A company owns two dealerships, both of which sell cars and trucks. Dealership A sells a total of 225 cars and trucks. Dealership B sells twice as many cars and half as many trucks as the Dealership A, and sells a total of 300 cars and trucks. Given the fact that Dealership B sold half as many trucks as Dealership A, how many trucks did Dealership B sell?
Let's assume that the number of cars sold by Dealership A is c, and the number of trucks sold is t.
We know that c + t = 225.
Dealership B sold twice as many cars as Dealership A, so the number of cars sold by Dealership B is 2c.
Dealership B sold half as many trucks as Dealership A, so the number of trucks sold by Dealership B is t/2.
The total number of cars and trucks sold by Dealership B is 2c + t/2 = 300.
Combining these two equations, we get 2c + t/2 = 300
Multiplying both sides of the equation by 2 gives 4c + t = 600.
Subtracting c + t = 225 from the equation 4c + t = 600, we get 3c = 375.
Dividing both sides of the equation by 3 gives c = 125.
Putting this value in c + t = 225, we get 125 + t = 225
Subtracting 125 from both sides of the equation gives t = 225 - 125 = <<225-125=100>>100.
So, Dealership B sold 100 trucks. Answer: \boxed{100}.
To find out how many trucks Dealership B sold, let's start by finding the number of trucks sold by Dealership A.
We know that Dealership A sold a total of 225 cars and trucks. Let's assume the number of trucks sold by Dealership A is represented by 'x'.
So, Dealership A sold x trucks.
Now, we are given that Dealership B sold half as many trucks as Dealership A. Therefore, the number of trucks sold by Dealership B is (1/2)x.
We also know that Dealership B sold a total of 300 cars and trucks.
Therefore, the total number of trucks sold by Dealership B and Dealership A is: x + (1/2)x = 300.
Combining like terms, we have: (3/2)x = 300.
To solve for x, we can multiply both sides of the equation by (2/3) to isolate x:
(2/3)(3/2)x = (2/3)(300)
x = 200.
So, Dealership A sold 200 trucks.
Since Dealership B sold half as many trucks as Dealership A, Dealership B sold (1/2) * 200 = 100 trucks.
Let's solve this step by step.
Step 1: Let's represent the number of cars sold by Dealership A as "C_A" and the number of trucks sold by Dealership A as "T_A".
Step 2: According to the given information, Dealership A sold a total of 225 cars and trucks. So, we can set up the equation: C_A + T_A = 225.

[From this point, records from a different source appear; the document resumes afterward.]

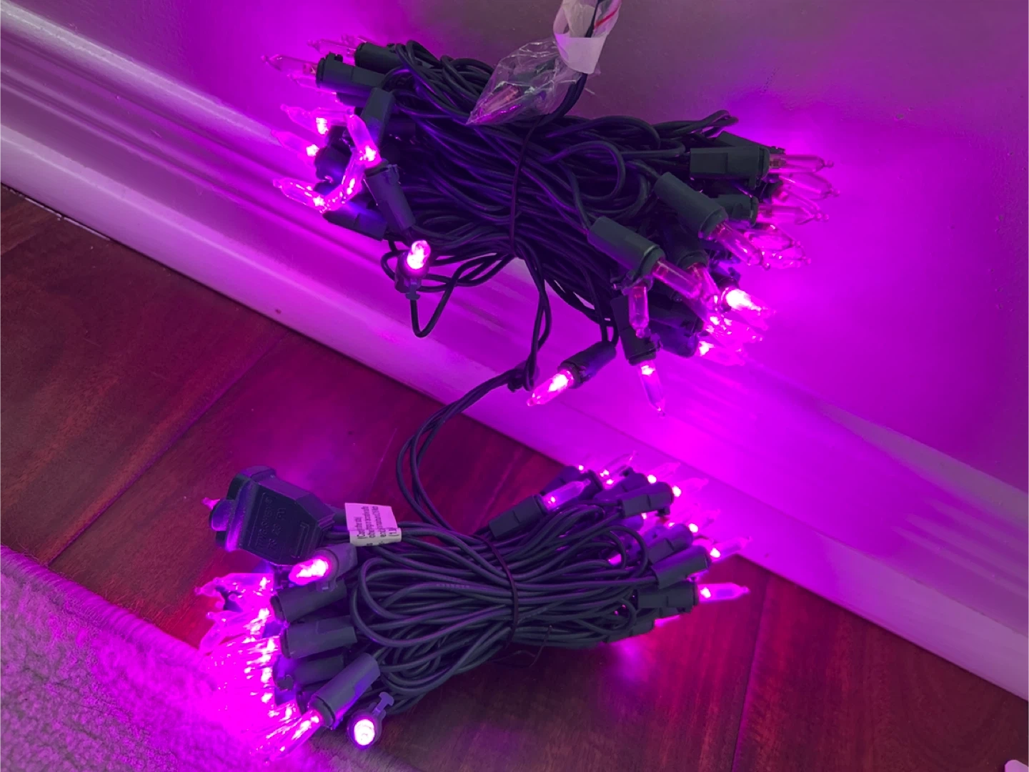 I'm selling a new set of SILVOM 100 LED mini pink lights! They are energy-saving and can connect up to 22 sets (2,200 lights). These lights are durable and have a long lifespan of 25,000 hours. Perfect for indoor and outdoor decor, and they are an eco-friendly light source
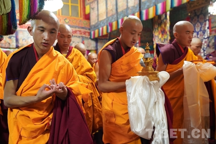 當(dāng)天清晨,扎什倫布寺桑煙繚繞、法號聲聲,28 位受戒的年輕僧人帶著新制袈裟,迎著朝霞依次走向拉讓殿等待班禪授戒這一神圣時刻的到來。8時許,在手持黃傘、香爐和吹嗩吶的高僧護送引領(lǐng)下班禪緩緩步入拉讓殿,并與在場僧眾集體誦經(jīng)。誦經(jīng)儀式結(jié)束后,班禪就坐于拉讓殿寶座,4名高僧大德作為授戒眾,開始為僧人閉門授戒、剃度、賜法名、摸頂。此時,受戒僧人一一入座,兩手在胸前交叉,聽班禪引證經(jīng)典告誡,并宣誓嚴守戒律。
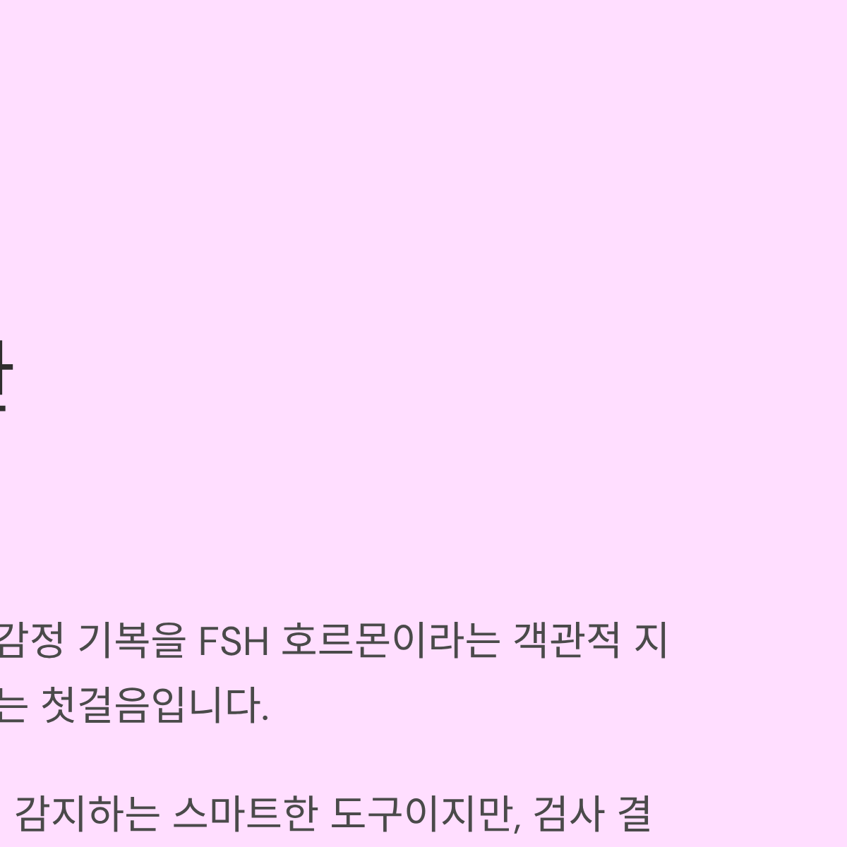 | 테스트 결과 | FSH 추정 수치 | 신체 상태 의미 | 권장 행동 지침 |
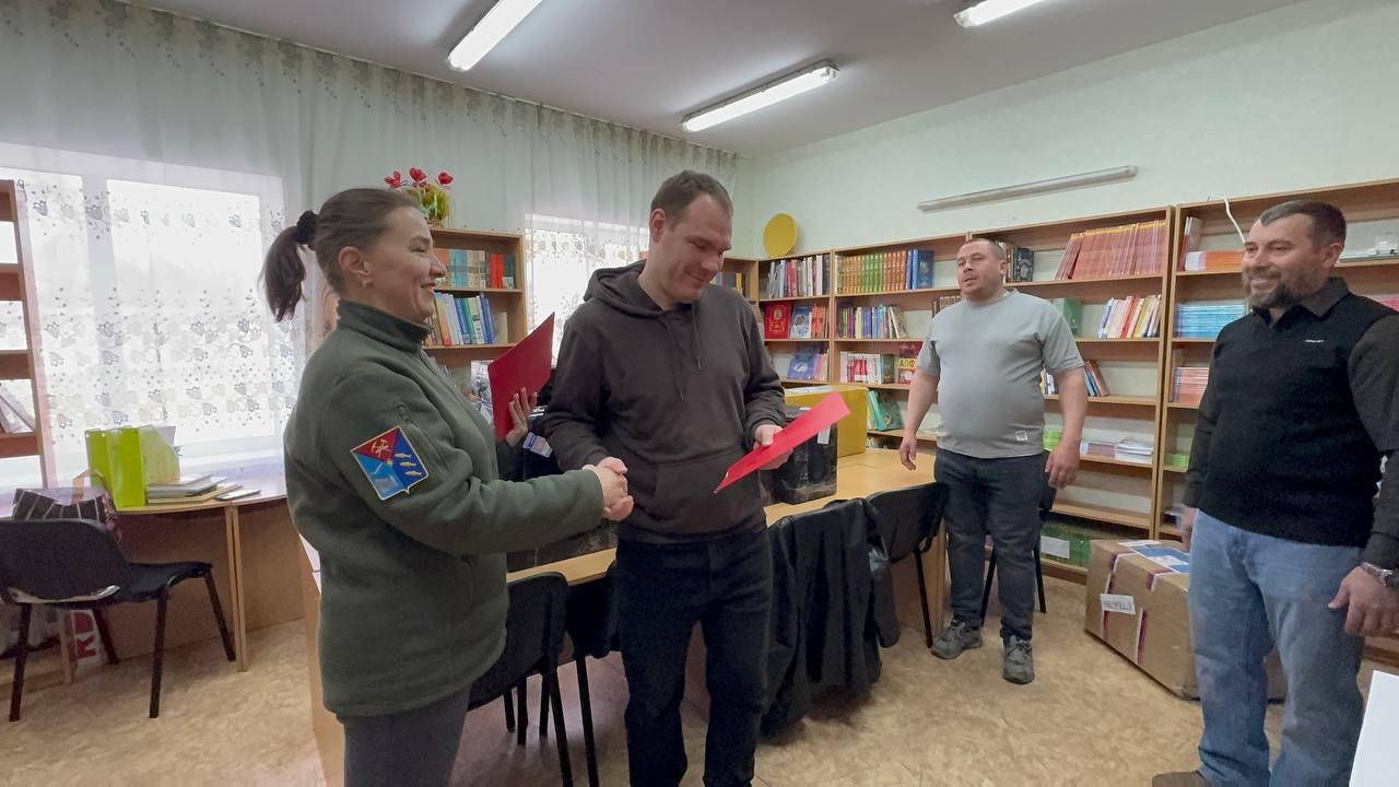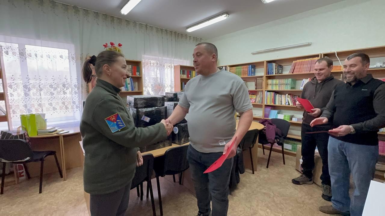 В честь прошедшего Дня рождения школы № 4 Ждановки депутат Магаданской городской Думы и волонтер СВО Юлия Домрина передала директору учреждения Лидии Соколовой презент от Английской гимназии Магадана.

Step 3: Dealership B sold twice as many cars as Dealership A, so we can represent the number of cars sold by Dealership B as "C_B" = 2 * C_A.
Step 4: Dealership B sold half as many trucks as Dealership A, so we can represent the number of trucks sold by Dealership B as "T_B" = 0.5 * T_A.

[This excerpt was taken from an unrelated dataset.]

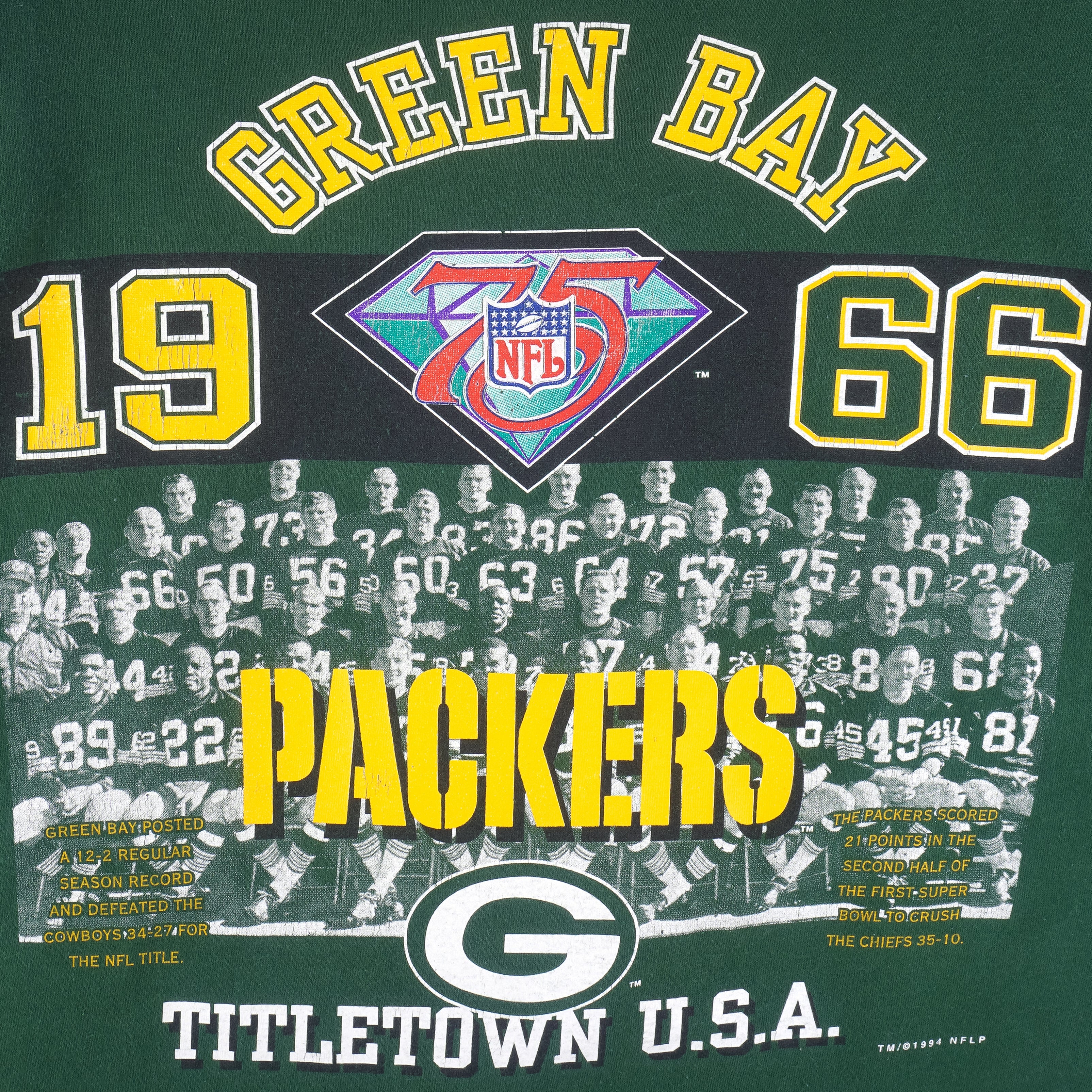 1994 Vintage NFL Green Bay Packers Champs 1966 Titletown U.S.A. T-Shirt by GTS. Dark green in color, old team players from the 60s, fits large size and is in excellent condition.

Step 5: According to the given information, Dealership B sold a total of 300 cars and trucks. So, we can set up the equation: C_B + T_B = 300.
Step 6: Substitute the expressions for C_B and T_B from steps 3 and 4 into the equation from step 5: 2 * C_A + 0.5 * T_A = 300.
Step 7: Simplify the equation from step 6: 2 * C_A + T_A/2 = 300.
Step 8: Now, we have a system of two equations:
C_A + T_A = 225,
2 * C_A + T_A/2 = 300.
Step 9: To solve the system of equations, we can multiply the first equation by 2 to eliminate T_A: 2 * C_A + 2 * T_A = 450.
Step 10: Subtract the equation from step 9 from the equation from step 8 to eliminate 2 * C_A: 2 * C_A + T_A/2 - (2 * C_A + 2 * T_A) = 300 - 450.
Step 11: Simplify the equation from step 10: -3/2 * T_A = -150.
Step 12: Solve for T_A by multiplying both sides by -2/3: T_A = -150 * (-2/3).
Step 13: Simplify the equation from step 12: T_A = 100.
Step 14: Substitute the value of T_A into the equation from step 2 to find C_A: C_A + 100 = 225.
Step 15: Solve for C_A: C_A = 225 - 100.
Step 16: Simplify the equation from step 15: C_A = 125.
Step 17: Substitute the values of C_A and T_A into the equation from step 4 to find T_B: T_B = 0.5 * 100.
Step 18: Simplify the equation from step 17: T_B = 50.
Therefore, Dealership B sold 50 trucks.